◆ COLLECTED DATA:
—————

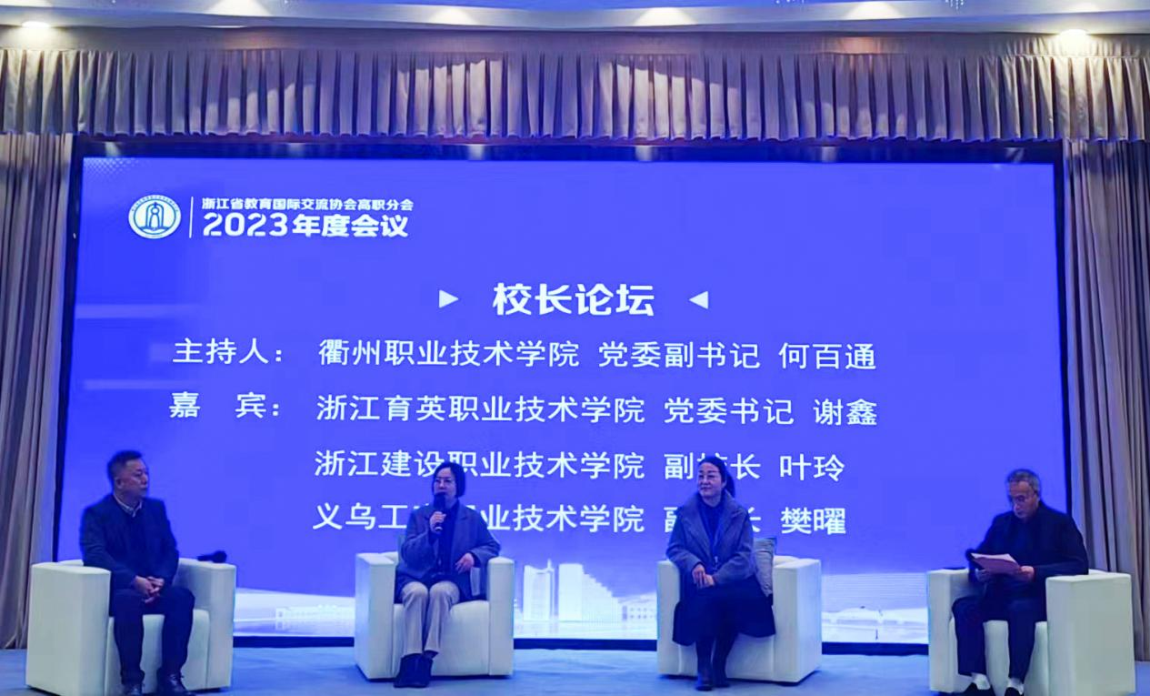 12月6日,浙江省教育国际交流协会高职分会2023年度会议在衢州举行。中国教育国际交流协会常务理事宗瓦,中国教育国际交流协会港澳台办主任金雷,省教育厅国际合作与交流处处长、省教育国际交流协会秘书长蓝晶晶,省教育国际交流协会高职分会会长、浙江机电职业技术学院校长贺星岳及全省40多所职业院校的领导、嘉宾参加。我校党委委员、副院长樊曜参加会议并进行了校长论坛的主题分享,我院相关负责人等一同参会。
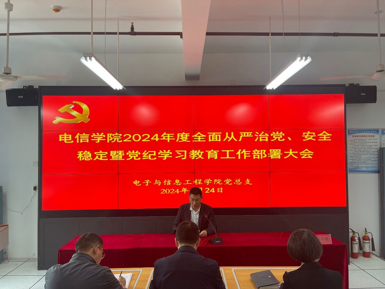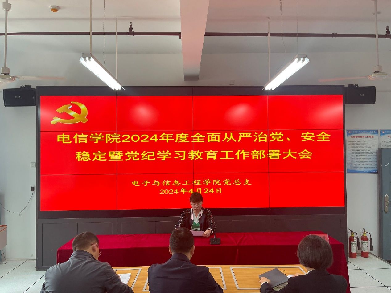 为深入学习贯彻习近平新时代中国特色社会主义思想、党的二十大精神,深入贯彻落实中省纪委全会精神,认真扎实开展党纪学习教育,深入贯彻落实中省和公司党委全面从严治党暨安全稳定和党纪学习教育工作部署会议精神,Bsports必一体育于4月24日在江北校区逸夫科技楼B602召开全面从严治党、安全稳定暨党纪学习教育工作部署大会,Bsports必一体育全体教职工参加,会议由党总支书记于咏梅主持。
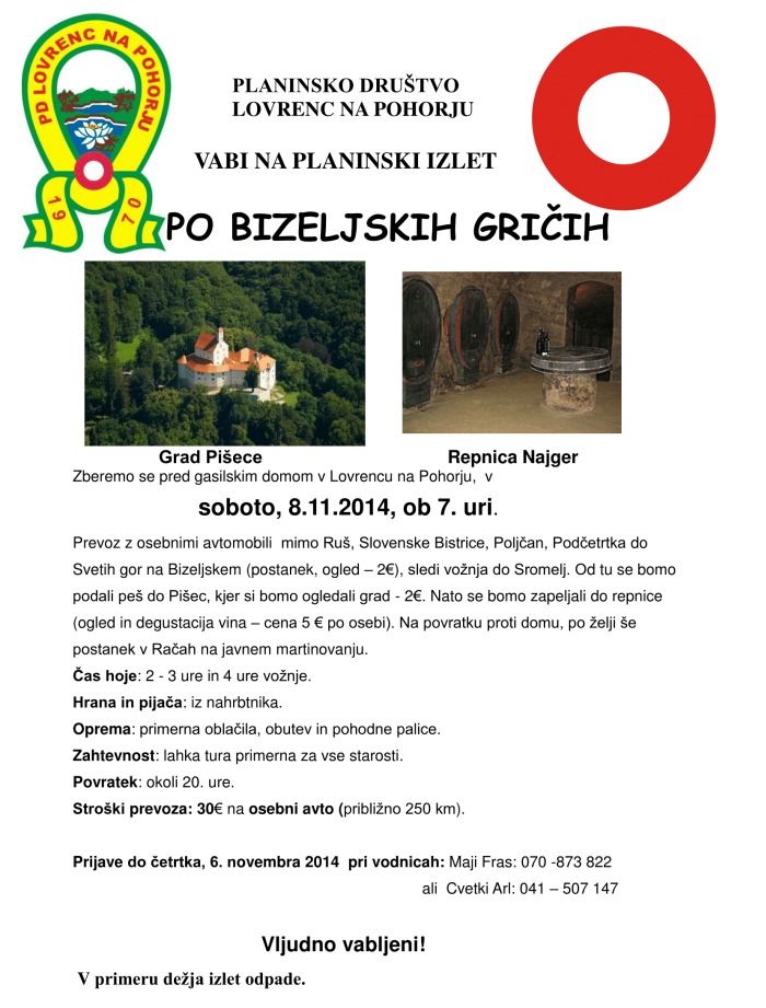 Prijave do četrtka, 6. novembra 2014 pri vodnicah: Maji Fras: 070 -873 822 ali Cvetki Arl: 041 – 507 147
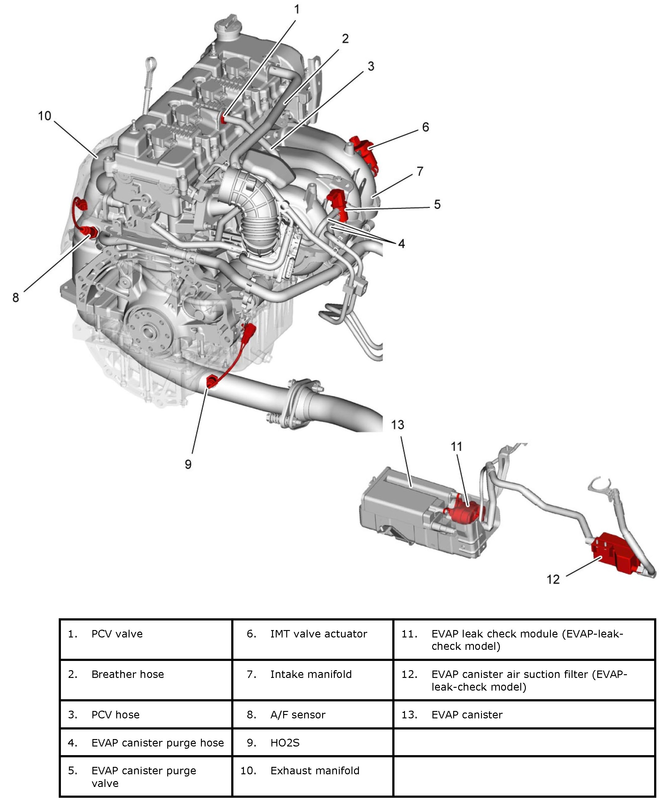 The emission control system includes EVAP and PCV systems.

—————

◆ PROBLEM REQUIREMENTS: Print exactly the lines from the line with "为深入学习贯彻习近平新时代中" through the end of the data, both ends included, and print no pictures.

◆ ANSWER SPACE:
 为深入学习贯彻习近平新时代中国特色社会主义思想、党的二十大精神,深入贯彻落实中省纪委全会精神,认真扎实开展党纪学习教育,深入贯彻落实中省和公司党委全面从严治党暨安全稳定和党纪学习教育工作部署会议精神,Bsports必一体育于4月24日在江北校区逸夫科技楼B602召开全面从严治党、安全稳定暨党纪学习教育工作部署大会,Bsports必一体育全体教职工参加,会议由党总支书记于咏梅主持。
 Prijave do četrtka, 6. novembra 2014 pri vodnicah: Maji Fras: 070 -873 822 ali Cvetki Arl: 041 – 507 147
 The emission control system includes EVAP and PCV systems.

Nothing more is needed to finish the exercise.